#### Source material
——

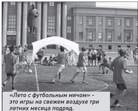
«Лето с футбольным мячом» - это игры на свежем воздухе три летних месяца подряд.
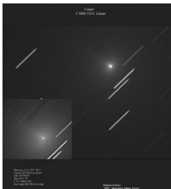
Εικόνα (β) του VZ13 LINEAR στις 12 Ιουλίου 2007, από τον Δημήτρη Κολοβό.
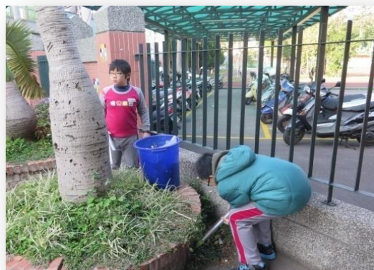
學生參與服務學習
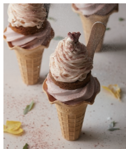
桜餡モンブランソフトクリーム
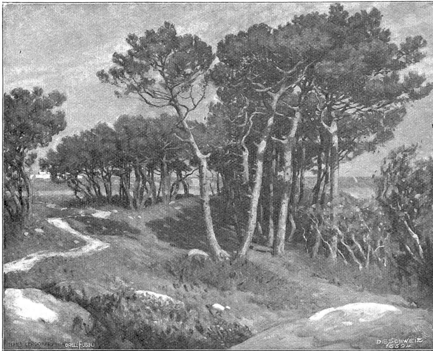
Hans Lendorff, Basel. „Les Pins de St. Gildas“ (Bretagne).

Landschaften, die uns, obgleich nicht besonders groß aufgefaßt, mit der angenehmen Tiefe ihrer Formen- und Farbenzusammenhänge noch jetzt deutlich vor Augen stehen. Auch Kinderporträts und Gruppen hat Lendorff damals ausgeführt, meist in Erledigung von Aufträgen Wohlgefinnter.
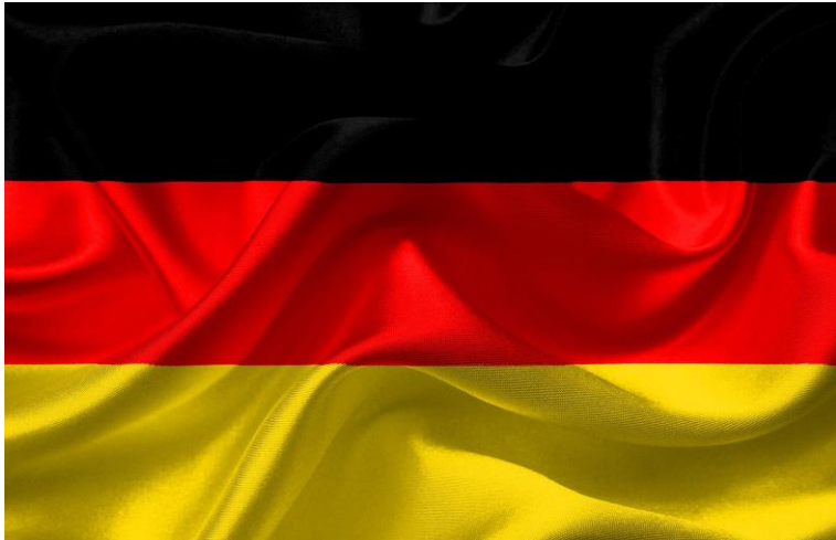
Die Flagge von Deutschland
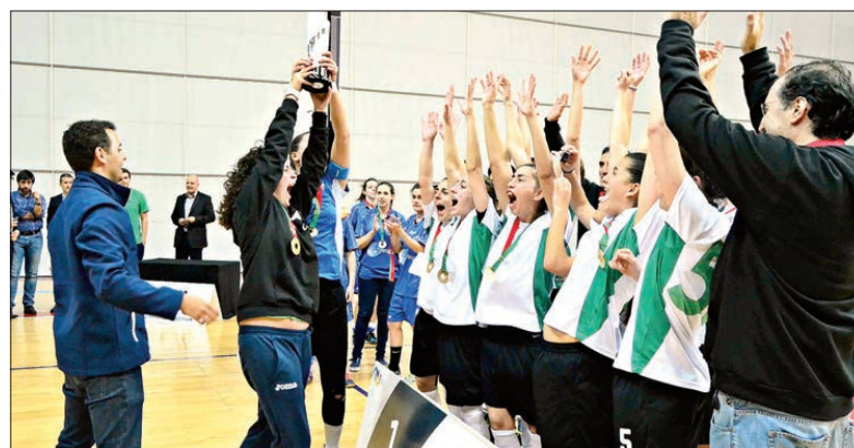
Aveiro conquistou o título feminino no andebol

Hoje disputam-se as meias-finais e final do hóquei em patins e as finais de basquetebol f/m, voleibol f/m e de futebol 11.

——

#### What the exercise asks
Write back the stretch of lines above that begins with the line holding "桜餡モンブランソフトクリーム" and ends with the line holding "Die Flagge von Deutschland", both included, exactly as written. Pictures stay out.

#### Answer for this exercise
桜餡モンブランソフトクリーム
Hans Lendorff, Basel. „Les Pins de St. Gildas“ (Bretagne).

Landschaften, die uns, obgleich nicht besonders groß aufgefaßt, mit der angenehmen Tiefe ihrer Formen- und Farbenzusammenhänge noch jetzt deutlich vor Augen stehen. Auch Kinderporträts und Gruppen hat Lendorff damals ausgeführt, meist in Erledigung von Aufträgen Wohlgefinnter.
Die Flagge von Deutschland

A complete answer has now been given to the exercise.